SOURCE MATERIAL:
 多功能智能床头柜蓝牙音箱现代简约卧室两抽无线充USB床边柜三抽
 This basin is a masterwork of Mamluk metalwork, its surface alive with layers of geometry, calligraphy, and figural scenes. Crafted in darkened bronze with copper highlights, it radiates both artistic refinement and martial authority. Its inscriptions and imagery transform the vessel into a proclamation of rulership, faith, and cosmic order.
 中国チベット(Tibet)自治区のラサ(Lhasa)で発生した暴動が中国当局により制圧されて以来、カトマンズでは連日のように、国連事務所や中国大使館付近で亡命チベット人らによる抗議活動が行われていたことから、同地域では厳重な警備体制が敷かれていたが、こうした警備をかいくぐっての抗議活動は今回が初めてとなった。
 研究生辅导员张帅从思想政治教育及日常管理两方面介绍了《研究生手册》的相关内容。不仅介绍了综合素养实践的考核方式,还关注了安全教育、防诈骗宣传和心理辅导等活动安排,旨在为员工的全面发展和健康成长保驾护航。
--
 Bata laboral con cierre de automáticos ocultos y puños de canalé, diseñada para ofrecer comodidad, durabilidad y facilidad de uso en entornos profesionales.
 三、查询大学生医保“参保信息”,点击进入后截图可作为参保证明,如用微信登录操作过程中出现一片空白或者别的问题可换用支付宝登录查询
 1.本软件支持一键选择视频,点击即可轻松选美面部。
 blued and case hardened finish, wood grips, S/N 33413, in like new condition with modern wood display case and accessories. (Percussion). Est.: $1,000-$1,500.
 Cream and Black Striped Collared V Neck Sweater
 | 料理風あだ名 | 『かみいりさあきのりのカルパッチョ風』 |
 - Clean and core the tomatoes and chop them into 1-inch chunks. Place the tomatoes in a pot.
--
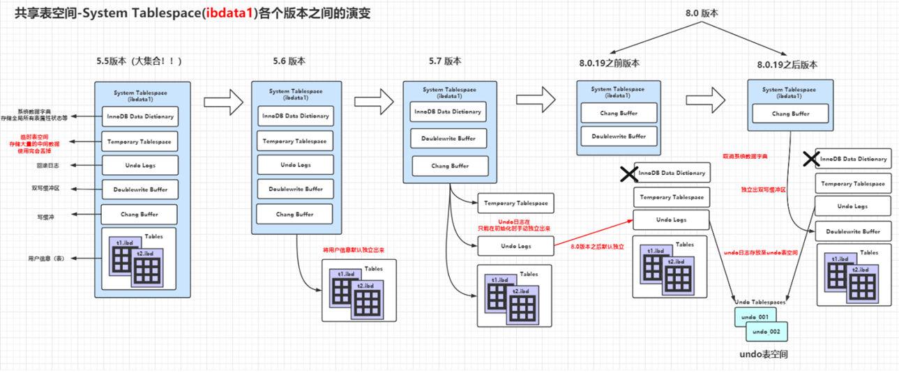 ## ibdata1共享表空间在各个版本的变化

TASK DETAILS: Of all the lines in the data above, show only those that hold the word "into".

FINAL ANSWER:
 This basin is a masterwork of Mamluk metalwork, its surface alive with layers of geometry, calligraphy, and figural scenes. Crafted in darkened bronze with copper highlights, it radiates both artistic refinement and martial authority. Its inscriptions and imagery transform the vessel into a proclamation of rulership, faith, and cosmic order.
 - Clean and core the tomatoes and chop them into 1-inch chunks. Place the tomatoes in a pot.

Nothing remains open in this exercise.